Mugler F/W 2023.24 Paris | Page 2 | the Fashion Spot

Mugler F/W 2023.24 Paris

yeah that you'll find no argument from me on - it's ugly.
 
Lily et Cie summed it up in two words and one devastating reel.



"Couture weak" indeed

While I agree that there’s some sort of laziness in this interpretation of Mugler in this lingerie fest, because Mugler was known for tailoring and body conscious dressing, comparing HC to RTW is a bit ridiculous…

That being said, there are enough great things in Mugler’s RTW to inspire the designer. I think about one collection when Mugler did denim and sneakers…much more relaxed than his sophisticated bourgeoises coquines…
 
This collection's been haunting my social media feed just as persistantly as the celebrity sightings at Schiaparelli a week before - No surprise it's coming from the same meme-obsessed GenZ kids whose only connecting point with fashion are the very foreseeable stunts we have seen the last couple of years that have propelled the popularity of brands like Balenciaga or Gucci.

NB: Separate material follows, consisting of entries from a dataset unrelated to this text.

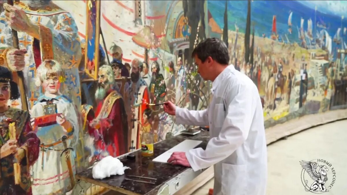 В «Новом Херсонесе» состоится открытие диорамы «Крещение войска князя Владимира в Херсонесе», созданной военными художниками студии имени Грекова. Главным экспонатом Музея Античности и Византии станет живописное полотно художника Павла Рыженко. Об этом сообщает Telegram-канал «Новый Херсонес». Размеры диорамы составляют 35 на 5 метров. На ней изображён исторический момент крещения дружины князя Владимира. Одна из особенностей диорамы — её предметный план, который позволяет зрителю почувствовать атмосферу той эпохи и погрузиться в происходящее историческое событие. Музей Античности и Византии будет новым домом для множества уникальных экспонатов заповедника «Херсонес Таврический». Здание площадью более 24 тысяч квадратных метров предоставит посетителям возможность увидеть богатое археологическое наследие региона. Диорама «Крещение войска князя Владимира в Херсонесе» — это не просто картина; это окно в прошлое великой страны. Благодаря таким произведениям искусства современные поколения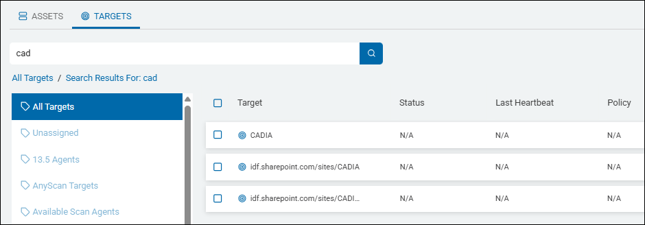 This topic gives details about the Targets tab on the page Data Assets and Targets in Spirion Sensitive Data Platform. This topic describes how to view Target details, how to Search for a Target, and the available Target types.
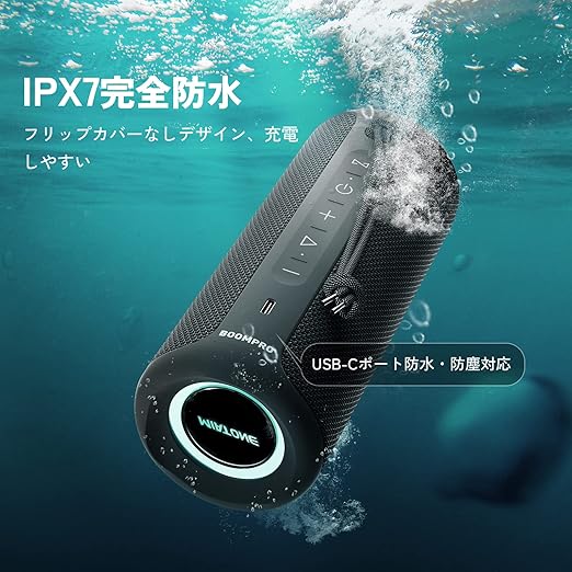MIATONE BoomPro Bluetooth スピーカー 40W出力 IPX7防水 ブルートゥース スピーカー 重低音 アウトドア ワイヤレススピーカー Bluetooth5.3 RGB LEDライト DSP処理 PC パソコン 車載/パッシブラジエーター搭載 / 20時間連続再生 / マイク内蔵/ステレオペアリング/USB-C充電 a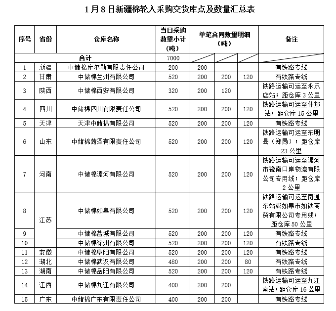 中國儲(chǔ)備棉管理有限公司定于2020年1月8日采購新疆棉7000噸(公定重量),最高限價(jià)13869元/噸(折標(biāo)準(zhǔn)級(jí)3128B價(jià)格)。具體庫點(diǎn)及數(shù)量如下:

Honestly I wouldn't know if Mugler in 2023 could have a different place in the fashion landscape with less a less vulgar marketing - Not at a time when the zeitgeist calls for voluptuous, uber-feminine bodies and make up trends as favored by the Kardashians, with whom Mugler himself collaborated in the last years of his life.
 
(On a second thought, the only designer that could brew up a Mugler vision I could get myself behind with would be Gareth Pugh, whose fashion spectacles had a much different flavor than what we have seen the last few years)

yeah, his early aesthetic leaned somewhere between Rick Owens and Mugler but with a more London influence (very Leigh Bowery, as many of the early reviews said). I could see that working with the stage/performance/showiness-oriented aspects of Mugler as a brand.
 
(On a second thought, the only designer that could brew up a Mugler vision I could get myself behind with would be Gareth Pugh, whose fashion spectacles had a much different flavor than what we have seen the last few years)
You made me have a look back over his work again, and watch some pretty great runways, and honestly it would work really well with Pugh at Mugler. By Spring 2013, when he broke away from the strong Owens-esque influence, he managed to pull off some gorgeous and dramatic looks without doing too much. Pieces that really were able to stand out on their own and never got too fussy or complicated.

Will always have a soft spot for Spring 2014 and Spring 2016. He also knew his way around fur/faux fur and any other hair like fabrications as well.
 
^ yeah I could see it working because Gareth's stuff was great at silhouettes (a strong point of Mugler as a brand), add his ability to do texture and it could have really worked.
 
designers like mugler and montana were very of their time. it's better to leave them in the 80s and 90s. their work was rooted in a very specific historical context, which i don't really think works for today.
 
Just a mess, Casey really has no vision for the brand other than a celebrity casting & bodysuits. Formichetti's tiny tenure at the brand was far better than this ! dare I say even David Koma :sick:
 
designers like mugler and montana were very of their time. it's better to leave them in the 80s and 90s. their work was rooted in a very specific historical context, which i don't really think works for today.

I guess they looked at the 00s Hervé Léger bandage dress revival and thought they'd have something similar here? It's not that I can't see it working here, but that the execution is so sloppy.
 



And the video is here. I really dislike how it is in vertical format. Not sure if it has to do with the way it was filmed at the show but I assume it is to cater to the tik tok / IG crowds on their phones anyways, which may be the case based on the frantic hyper editing of the video...
 
Laquan Smith with bigger budget and skilled atelier.
 
This THRILLS me to no end! Vampy, pourquoi pas? What I love about Cadwallader’s Mugler is that it feels current and looks like it was designed today, for today.

Hyper-sexualised but not exploitative, to me, at least. Fierce, fantastic and fun. Technically accomplished too — those clothes are not easy to construct and if you think
not I dare you to try! This one’s a scissor sister.

His dynamic, engaging multi-media presentations push the needle forward. Did you see what Madame Dominique did there? Épique!

And he has the best music. Periodt. I’ve been blasting 070 Shake’s Cocoon on repeat, swinging my hips and channelling my inner Shalom. Y-asssssss, hunty, daw-ling.
 
Paloma trying to vamp it up gave me the biggest laugh I had this month. Another disaster courtesy of this no-taste hack, the only look that doesn’t make my skin crawl would be Adut’s.